**WHAT THIS TASK INVOLVES:** Within the listing below, give again exactly the lines between the one containing "1ct natural light" and the one containing "The design was", inclusive, pictures left aside.

** Opening PROVIDED INFORMATION block **

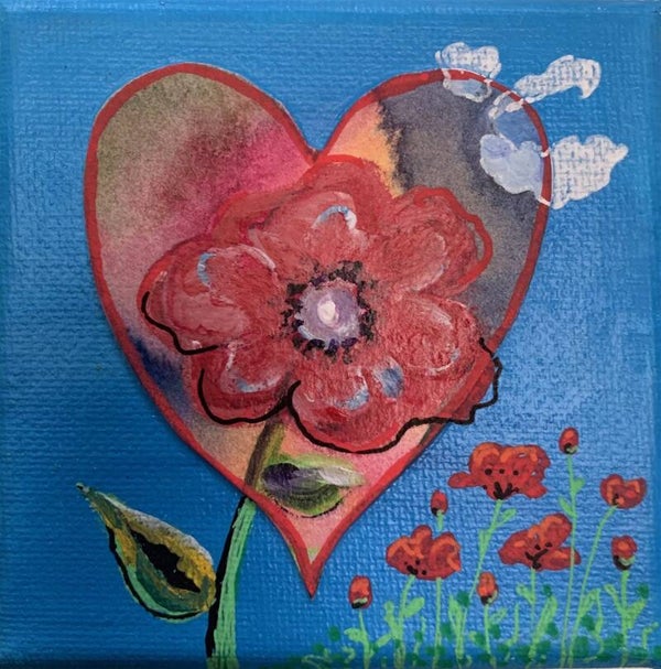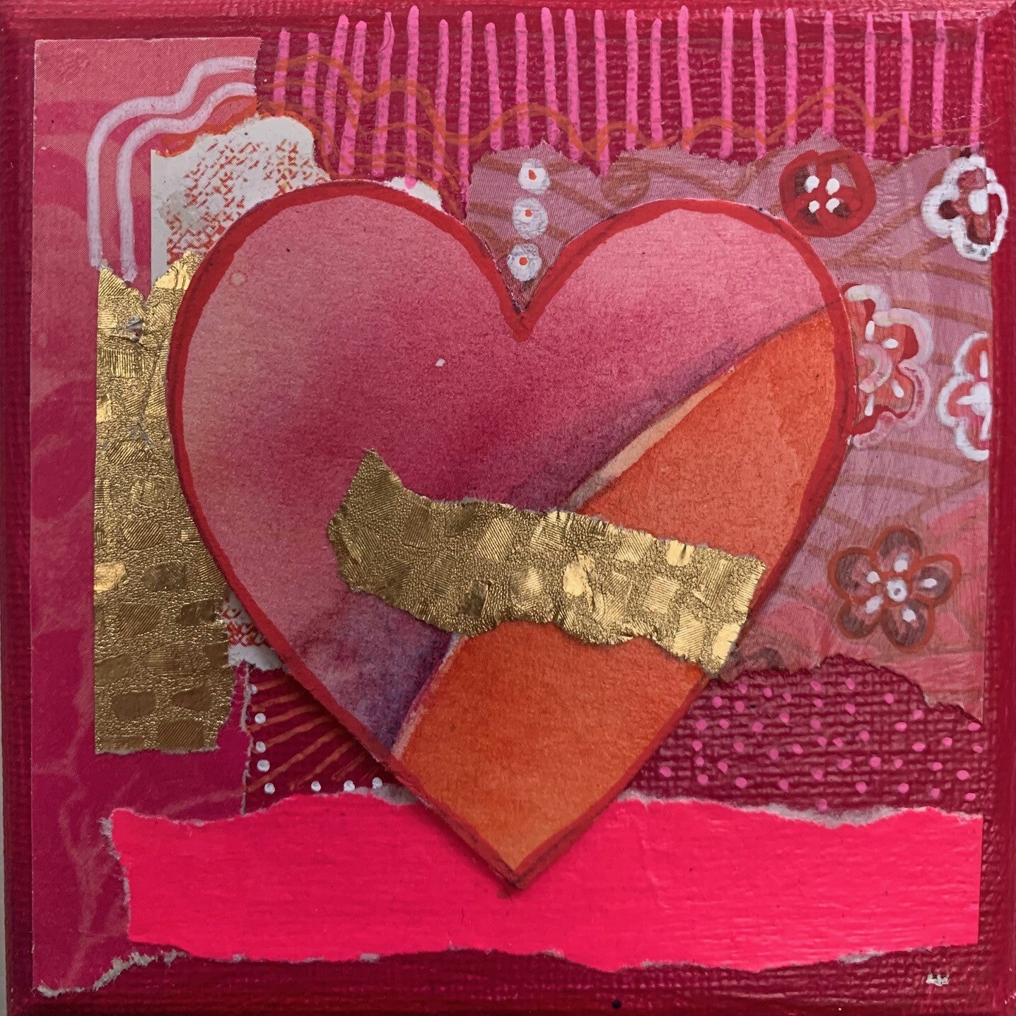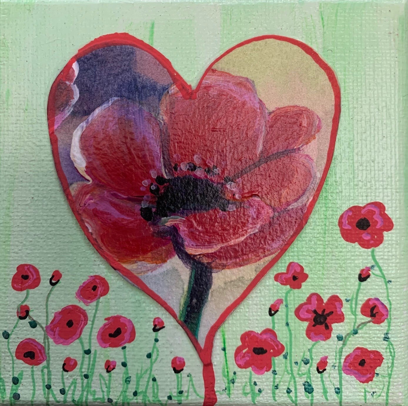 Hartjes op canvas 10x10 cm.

** Closing PROVIDED INFORMATION block **
** Opening PROVIDED INFORMATION block **

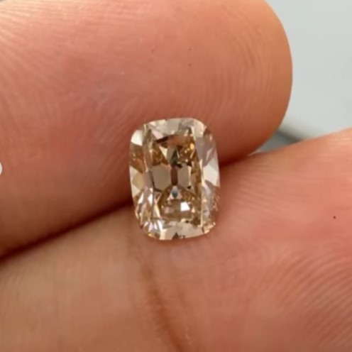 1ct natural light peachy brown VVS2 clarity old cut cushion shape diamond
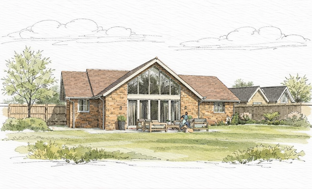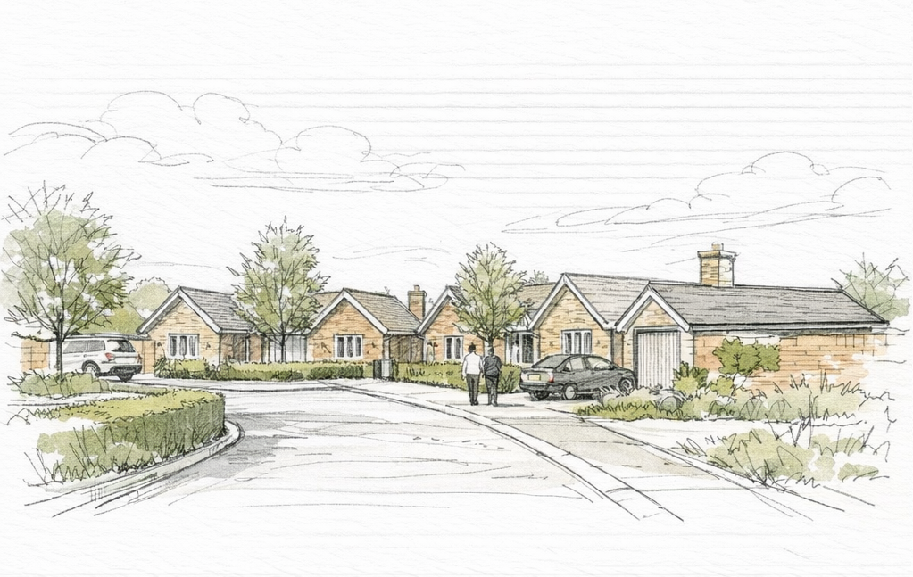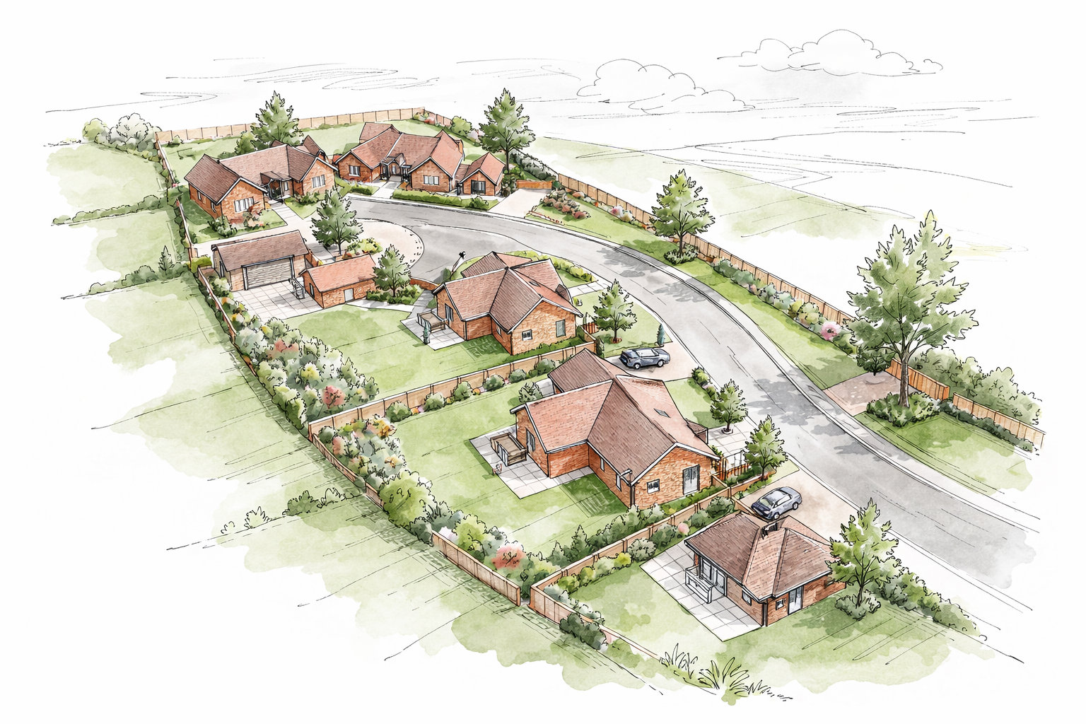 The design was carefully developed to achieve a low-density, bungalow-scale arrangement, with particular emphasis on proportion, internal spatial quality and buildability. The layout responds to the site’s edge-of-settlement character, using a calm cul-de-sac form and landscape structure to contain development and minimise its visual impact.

** Closing PROVIDED INFORMATION block **

**EXERCISE ANSWER:**
 1ct natural light peachy brown VVS2 clarity old cut cushion shape diamond
 The design was carefully developed to achieve a low-density, bungalow-scale arrangement, with particular emphasis on proportion, internal spatial quality and buildability. The layout responds to the site’s edge-of-settlement character, using a calm cul-de-sac form and landscape structure to contain development and minimise its visual impact.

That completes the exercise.